Erdoğan’ın zaferi demokrasi için fırsat

Prof. Dr. Muhammed Ayoob - Michigan State Üniversitesi
5.04.2014

Seçim sandığından güç toplayarak çıkan ve kendisini daha emin hisseden Erdoğan günlük siyasetin olağan kavgalarını geride bırakabilirse, Türk demokrasisine çok ciddi katkılarda bulunacaktır.

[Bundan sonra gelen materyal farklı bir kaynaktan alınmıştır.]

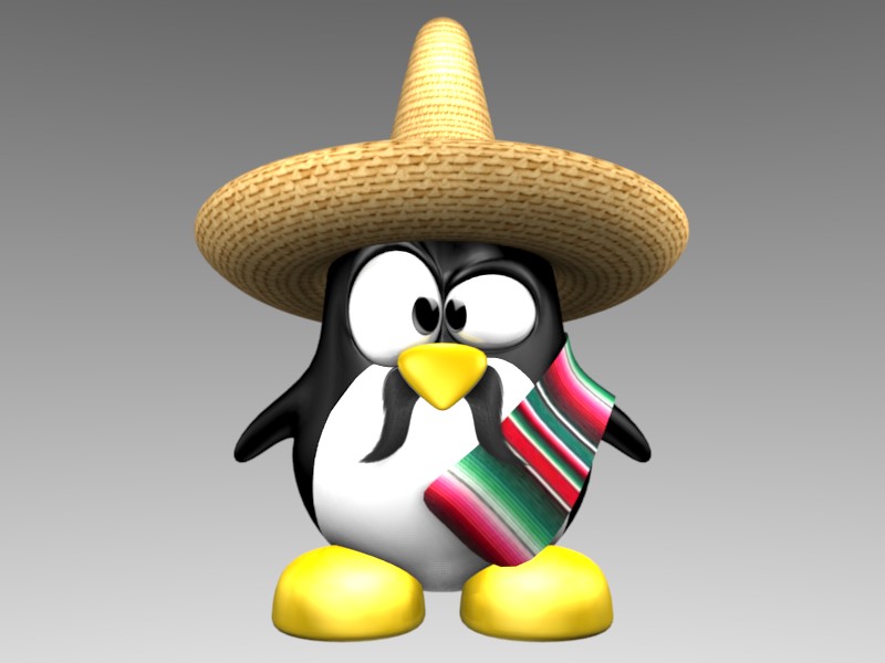 Tenia rato que quería subir este nuevo personaje, me base en el Tux de Linux, asi que lo reproduje en 3D y le di algunos toques para tener un Mexican Tux.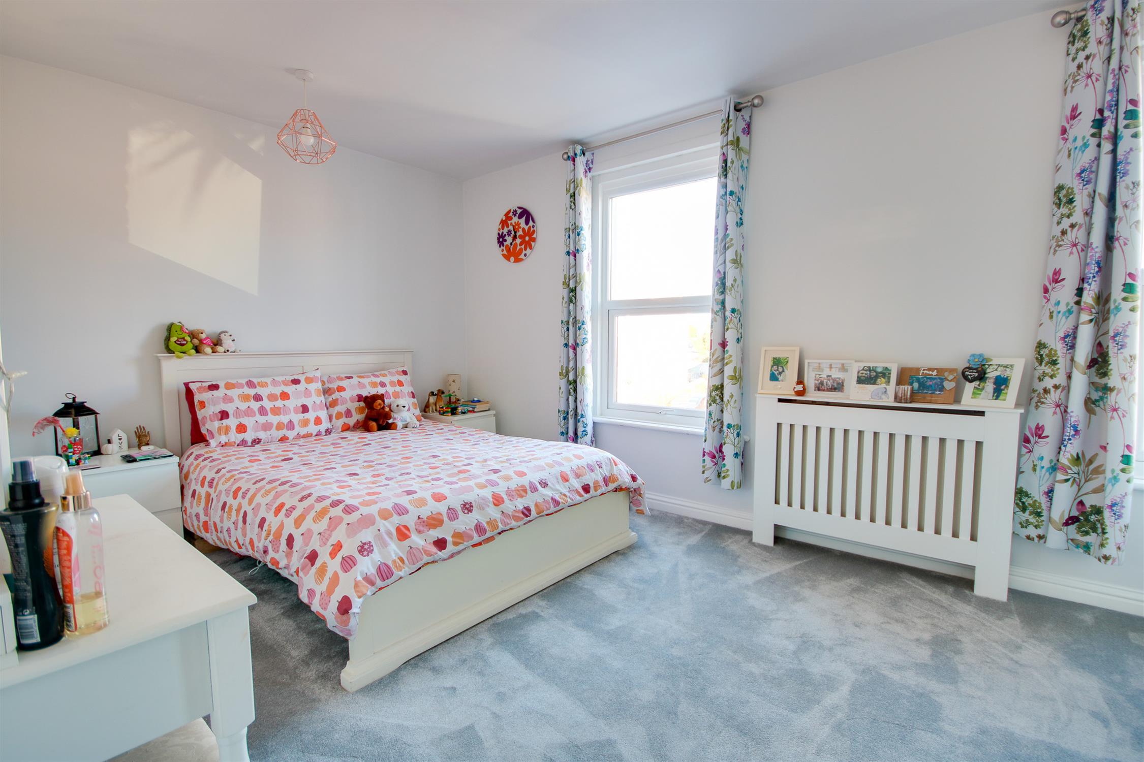 Smooth ceiling, double glazed window to side, radiator.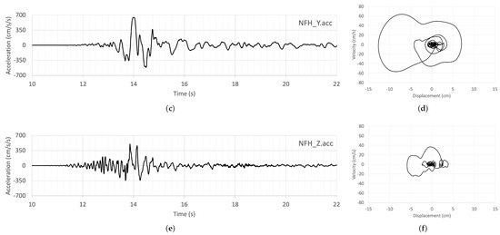 Acceleration time histories (a,c,e) and phase plane diagrams (b,d,f) at the base of the aggregate in the (a,b) X direction (see Figure 4); (c,d) Y direction; (e,f) Z direction.

Erdoğan’ın zaferi demokrasi için fırsat

Başbakan Recep Tayyip Erdoğan, 30 Mart mahalli seçimlerinin kendisi ve iktidarı açısından bir referandum olduğunu bilinçli olarak ileri sürdü. Neticede AK Parti bir önceki mahalli seçimlere göre oylarını yüzde 5 artırarak seçmenlerin yüzde 45’inin desteğini almayı başardı. Bu oran ana muhalefet partisi CHP’nin almış olduğu oranın 16 puan üstünde. Öyle anlaşılıyor ki hükümete karşı ileri sürülen yolsuzluk iddialarına rağmen Erdoğan’ın Türk seçmeninin en az yarısının desteğine sahip olduğu iddiası yeniden ispatlanmış oldu. 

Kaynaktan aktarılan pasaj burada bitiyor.